Recalling the killing of Al-Qaeda chief Osama bin Laden, in the Pakistan garrison town of Abbottabad in the northwest, Khan said: "The Americans came to Abbottabad and killed, martyred Osama bin Laden. What happened after that? The entire world cursed at us and spoke ill of us."
"So our ally (US) comes to our own country to kill someone and doesn’t inform us? And 70,000 Pakistanis have died in their war. Look at the humiliation that caused to all the Pakistanis who were abroad," the PM said on the floor of the House.
Khan also recalled US drone attacks inside Pakistan, saying the Pakistani government at the time had said it had opposed them. "When the former US military chief, Admiral Mike Mullen, was asked at a US Senate hearing why drone attacks were being carried out despite Pakistan’s objection, Mullen replied that they were carried out with the permission of the Pakistani government," Khan said, adding that Pakistan did not know whether it was an ally or a foe of the US in the war on terror. "Such incidents caused huge embarrassment to overseas Pakistanis," he said.
Following his speech, opposition leaders lambasted the PM over his remarks referring to Bin Laden as a "martyr".
"Imran Khan called Osama bin Laden ‘shaheed’. Bin Laden brought terrorism to our lands, he was a terrorist, and the PM calls him ‘shaheed’," said Khwaja Muhammad Asif, former foreign minister and senior Pakistan Muslim League-Nawaz (PML-N) leader.
Senator Mustafa Nawaz Khokhar of the opposition Pakistan Peoples Party (PPP) called the PM a "national security threat".
"By labelling Osama bin Laden a martyr, Imran Khan has become a national security threat. If he is a martyr, then what is the status of those civilians and members of our armed forces who embraced martyrdom in the attacks by Al Qaeda?" he asked.
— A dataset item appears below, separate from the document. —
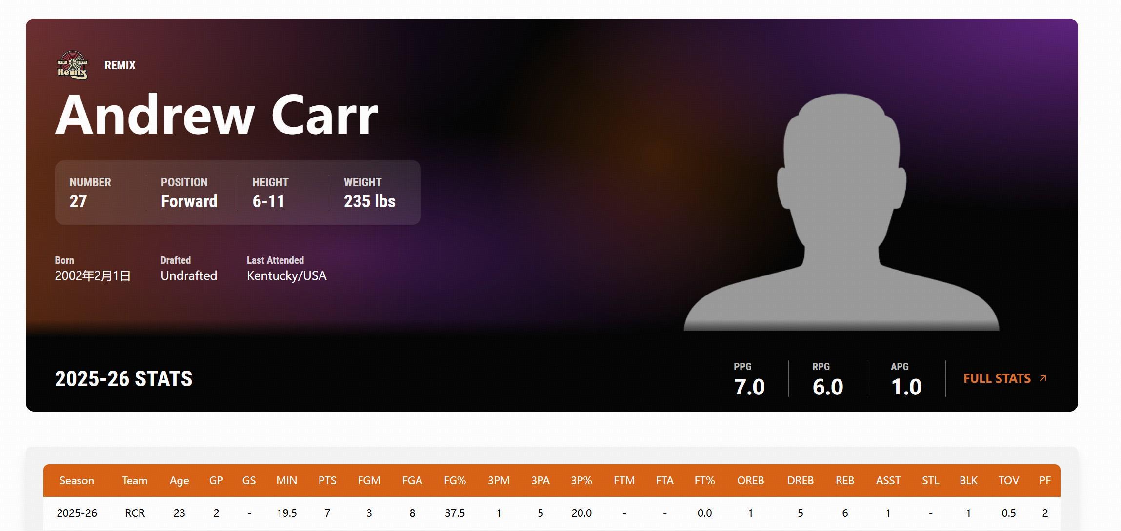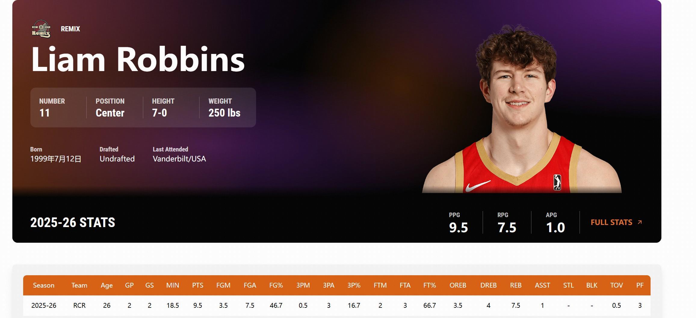球隊(duì)的內(nèi)線方面,身高2米13的羅賓斯和身高2米08的空間型內(nèi)線安德魯-卡爾是球隊(duì)的主要輪換。但從出場時(shí)間能看出來,混音隊(duì)的大部分時(shí)間也是在打小個(gè)陣容,這兩位中鋒的平均出場時(shí)間也僅在20分鐘左右。

Khokhar also questioned the lesson that Khan was trying to teach the younger generation. "Today Imran Khan has proven himself in parliament to be ‘Taliban Khan’. The Imran Khan-Taliban nexus was evident from the meetings between the two," the senator said, adding that the PM was the same person who had called for the Taliban to open offices in Pakistan.